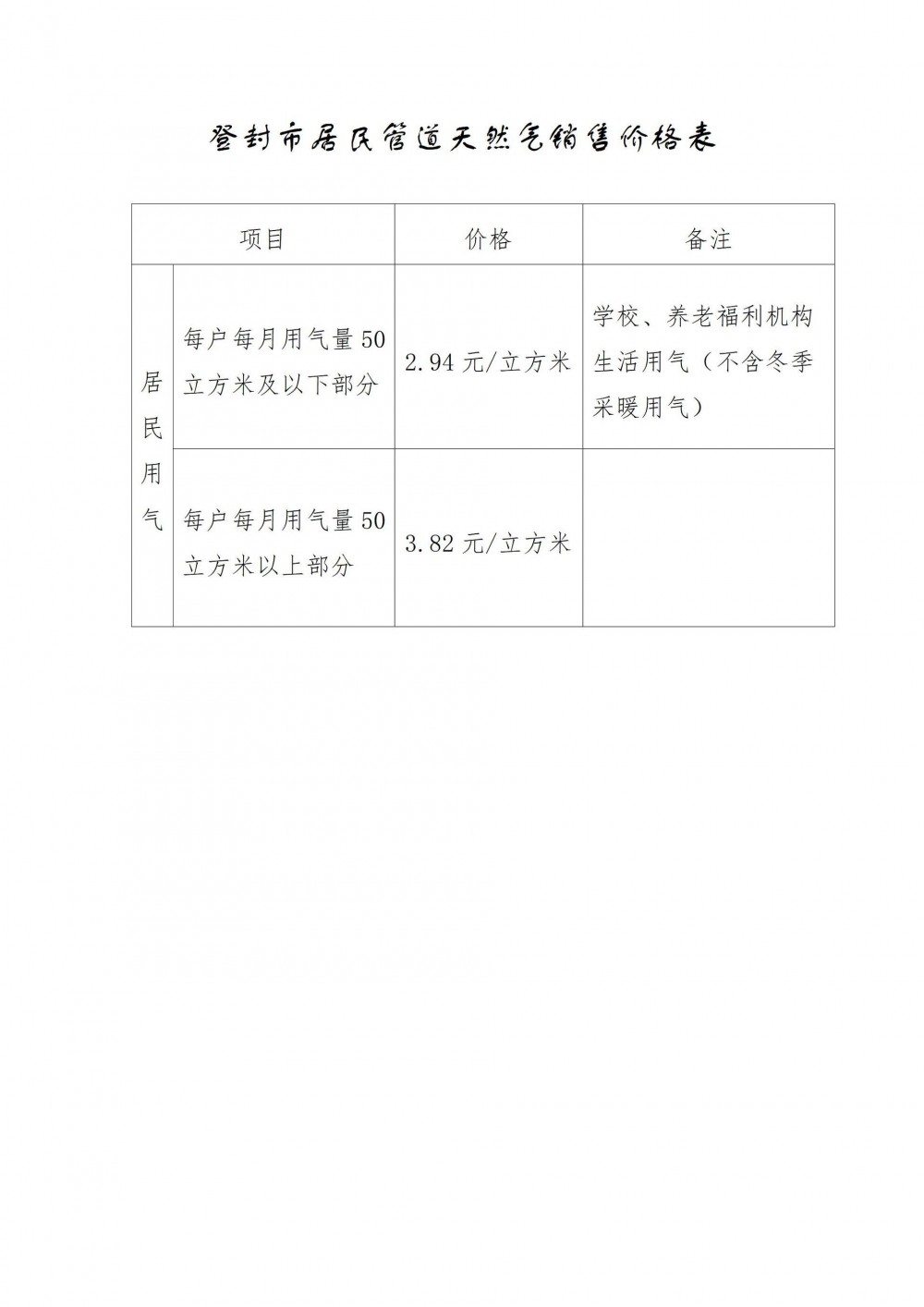 附件:登封市居民管道天然气销售价格表
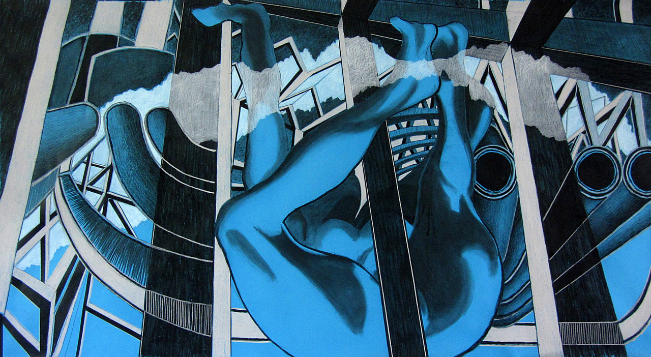 Drawing is a discipline in which ‘looking outside’ and ‘looking and moving within the frame of the paper’ is very important. Sources of inspiration are urban and industrial landscapes and shapes of the human body. Tom’s work consists of countless shades of black but he also uses colour in an exciting way. The artworks change as the daylight changes. Observations and impressions from spending time outdoors inspire his artwork. His skilled drawings may develop into new drawings as well as paintings. In his paintings he combines colour, patches and blots with lines to create several spaces.
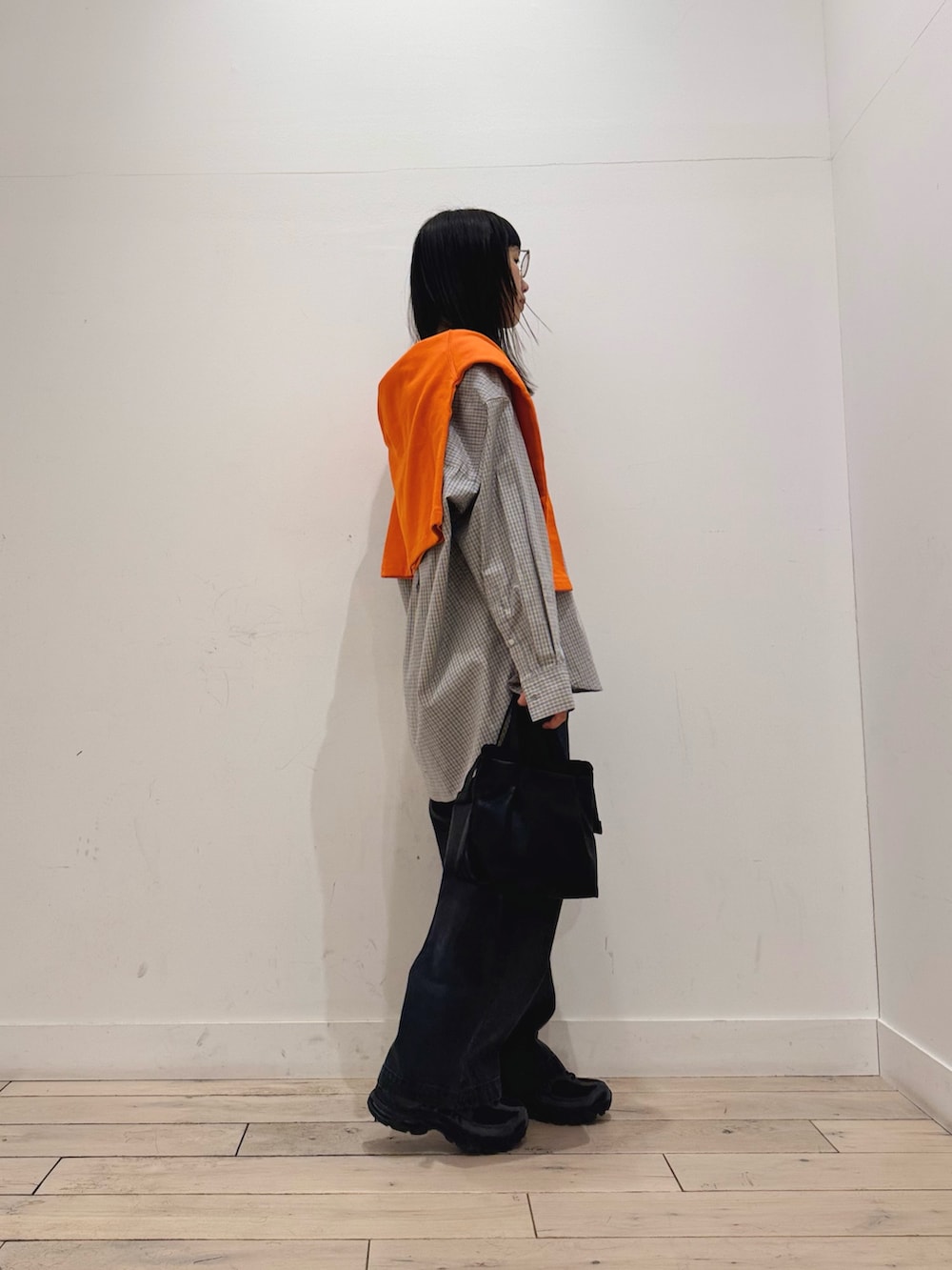 オレンジが差し色感ありますが、シャツも実はブルー系の色味で色物×色物の合わせになってます🍊

Exercise: The listing above is to be set down word for word, without its images.

Your response:
 附件:登封市居民管道天然气销售价格表
 Drawing is a discipline in which ‘looking outside’ and ‘looking and moving within the frame of the paper’ is very important. Sources of inspiration are urban and industrial landscapes and shapes of the human body. Tom’s work consists of countless shades of black but he also uses colour in an exciting way. The artworks change as the daylight changes. Observations and impressions from spending time outdoors inspire his artwork. His skilled drawings may develop into new drawings as well as paintings. In his paintings he combines colour, patches and blots with lines to create several spaces.
 オレンジが差し色感ありますが、シャツも実はブルー系の色味で色物×色物の合わせになってます🍊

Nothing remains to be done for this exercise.